Exercise brief. Apart from the pictures, the listing is to be returned exactly.

Start of Data provided

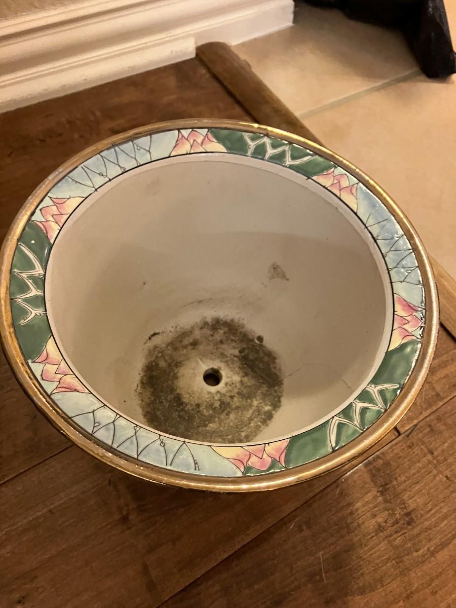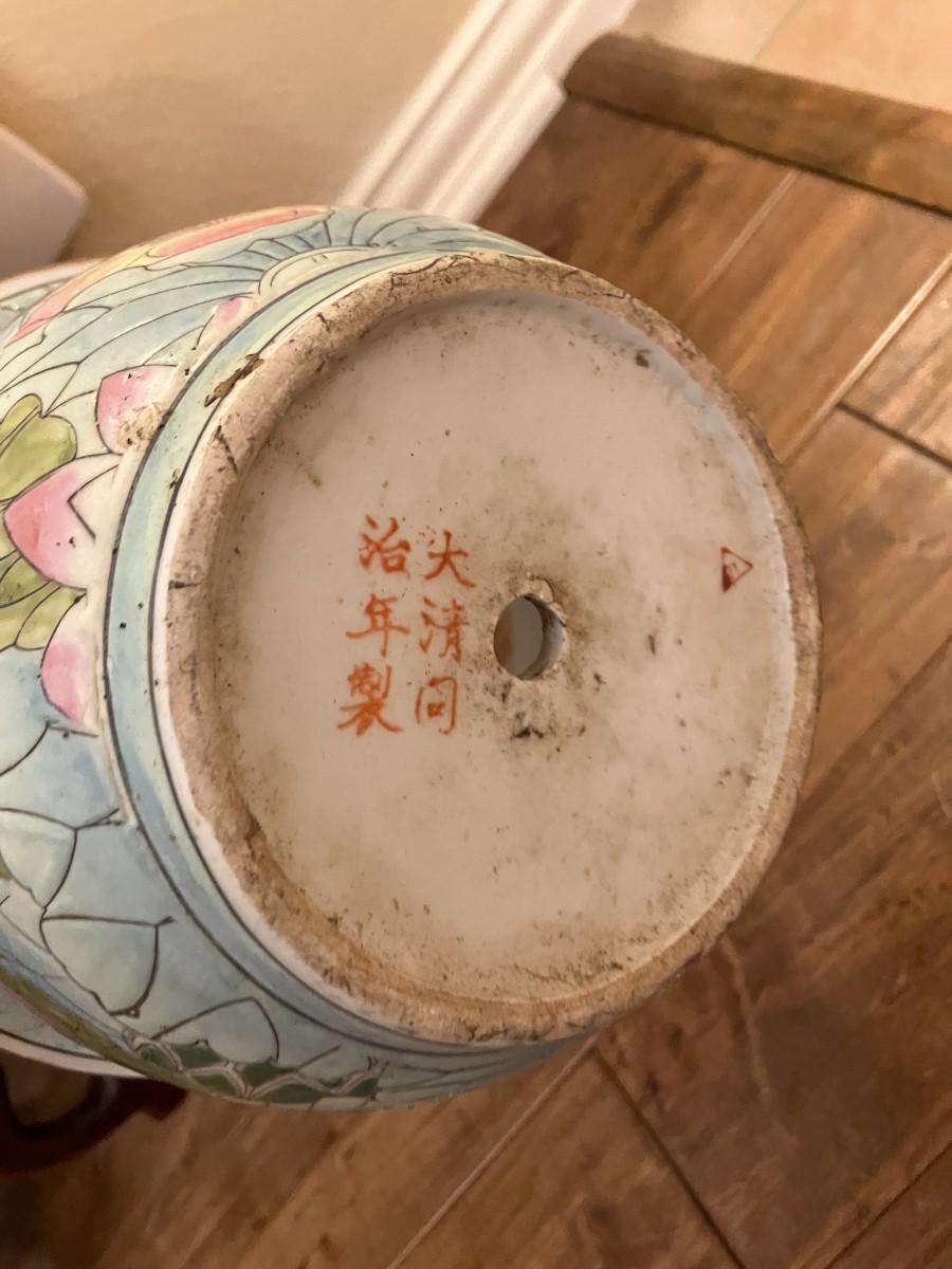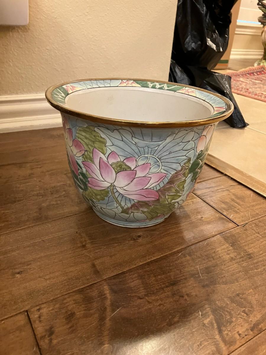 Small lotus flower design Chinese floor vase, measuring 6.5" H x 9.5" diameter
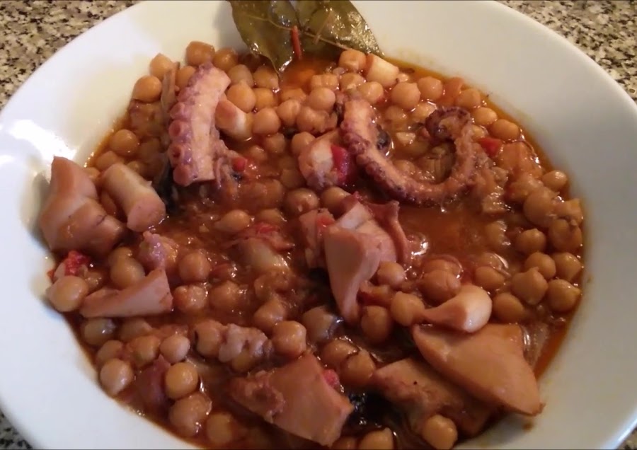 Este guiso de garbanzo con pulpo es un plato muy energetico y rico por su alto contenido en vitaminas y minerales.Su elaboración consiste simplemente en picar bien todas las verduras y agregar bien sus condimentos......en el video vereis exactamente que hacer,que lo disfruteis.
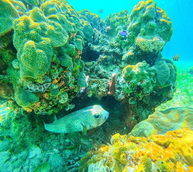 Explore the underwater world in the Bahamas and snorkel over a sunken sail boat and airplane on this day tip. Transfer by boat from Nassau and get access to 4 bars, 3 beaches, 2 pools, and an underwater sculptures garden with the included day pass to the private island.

End of Data provided

Your response.
 Small lotus flower design Chinese floor vase, measuring 6.5" H x 9.5" diameter
 Este guiso de garbanzo con pulpo es un plato muy energetico y rico por su alto contenido en vitaminas y minerales.Su elaboración consiste simplemente en picar bien todas las verduras y agregar bien sus condimentos......en el video vereis exactamente que hacer,que lo disfruteis.
 Explore the underwater world in the Bahamas and snorkel over a sunken sail boat and airplane on this day tip. Transfer by boat from Nassau and get access to 4 bars, 3 beaches, 2 pools, and an underwater sculptures garden with the included day pass to the private island.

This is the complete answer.